*INSTRUCTIONS TO FOLLOW*. Nothing but the text of the records should come back; copy it exactly and leave the pictures out.
----- SOURCE INFORMATION -----
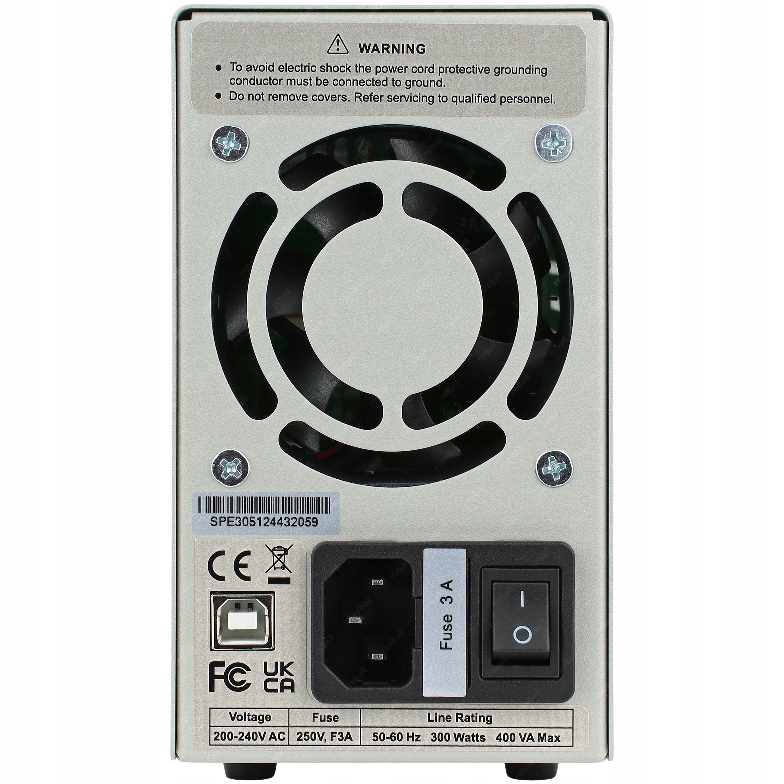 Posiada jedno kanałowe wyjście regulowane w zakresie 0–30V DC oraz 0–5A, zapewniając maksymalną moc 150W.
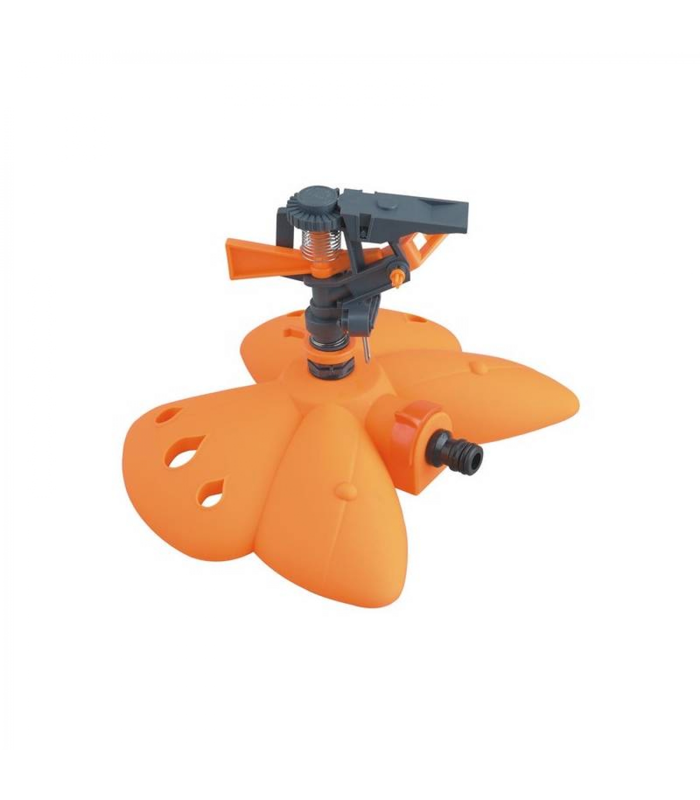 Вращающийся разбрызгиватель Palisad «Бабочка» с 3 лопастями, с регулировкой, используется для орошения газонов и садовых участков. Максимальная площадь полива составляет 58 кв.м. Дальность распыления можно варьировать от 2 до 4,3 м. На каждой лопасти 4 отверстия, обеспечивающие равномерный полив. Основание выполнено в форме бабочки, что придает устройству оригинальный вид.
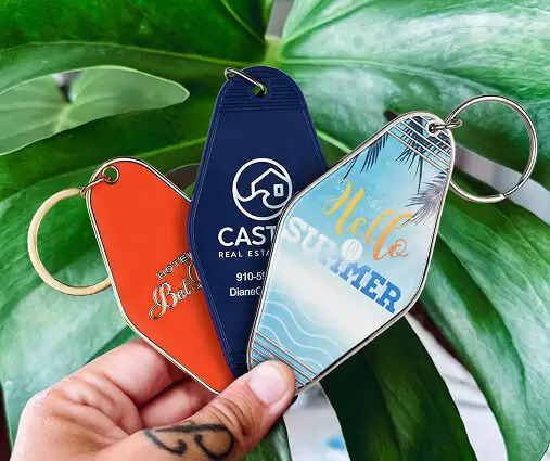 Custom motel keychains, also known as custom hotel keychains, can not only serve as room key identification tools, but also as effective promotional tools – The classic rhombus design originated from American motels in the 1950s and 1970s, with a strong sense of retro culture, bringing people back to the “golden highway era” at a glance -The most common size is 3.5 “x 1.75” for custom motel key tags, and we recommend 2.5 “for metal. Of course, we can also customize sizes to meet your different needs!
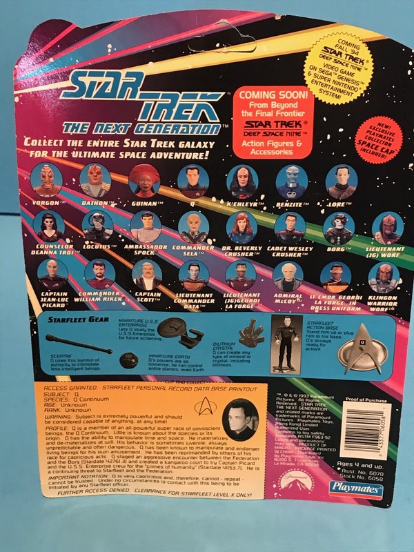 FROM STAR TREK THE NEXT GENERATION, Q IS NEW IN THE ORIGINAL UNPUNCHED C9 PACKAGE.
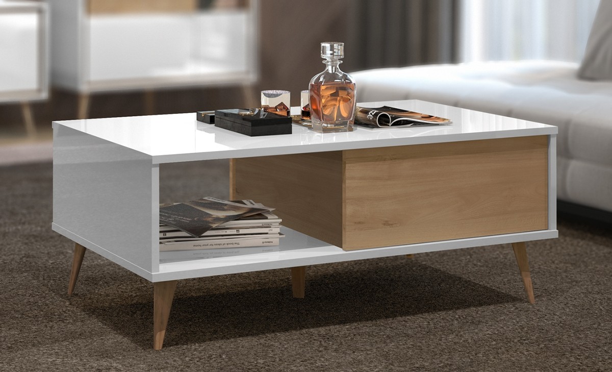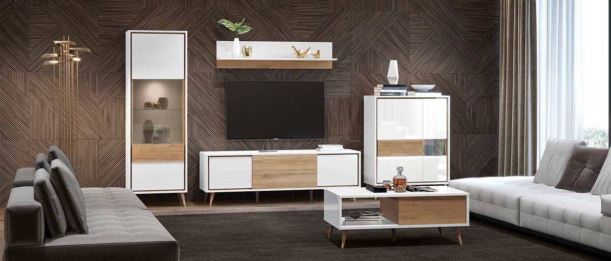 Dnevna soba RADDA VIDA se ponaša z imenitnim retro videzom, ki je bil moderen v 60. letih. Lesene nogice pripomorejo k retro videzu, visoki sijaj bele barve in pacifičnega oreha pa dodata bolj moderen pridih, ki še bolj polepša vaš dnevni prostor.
-----
*ANSWER SPACE*.
 Posiada jedno kanałowe wyjście regulowane w zakresie 0–30V DC oraz 0–5A, zapewniając maksymalną moc 150W.
 Вращающийся разбрызгиватель Palisad «Бабочка» с 3 лопастями, с регулировкой, используется для орошения газонов и садовых участков. Максимальная площадь полива составляет 58 кв.м. Дальность распыления можно варьировать от 2 до 4,3 м. На каждой лопасти 4 отверстия, обеспечивающие равномерный полив. Основание выполнено в форме бабочки, что придает устройству оригинальный вид.
 Custom motel keychains, also known as custom hotel keychains, can not only serve as room key identification tools, but also as effective promotional tools – The classic rhombus design originated from American motels in the 1950s and 1970s, with a strong sense of retro culture, bringing people back to the “golden highway era” at a glance -The most common size is 3.5 “x 1.75” for custom motel key tags, and we recommend 2.5 “for metal. Of course, we can also customize sizes to meet your different needs!
 FROM STAR TREK THE NEXT GENERATION, Q IS NEW IN THE ORIGINAL UNPUNCHED C9 PACKAGE.
 Dnevna soba RADDA VIDA se ponaša z imenitnim retro videzom, ki je bil moderen v 60. letih. Lesene nogice pripomorejo k retro videzu, visoki sijaj bele barve in pacifičnega oreha pa dodata bolj moderen pridih, ki še bolj polepša vaš dnevni prostor.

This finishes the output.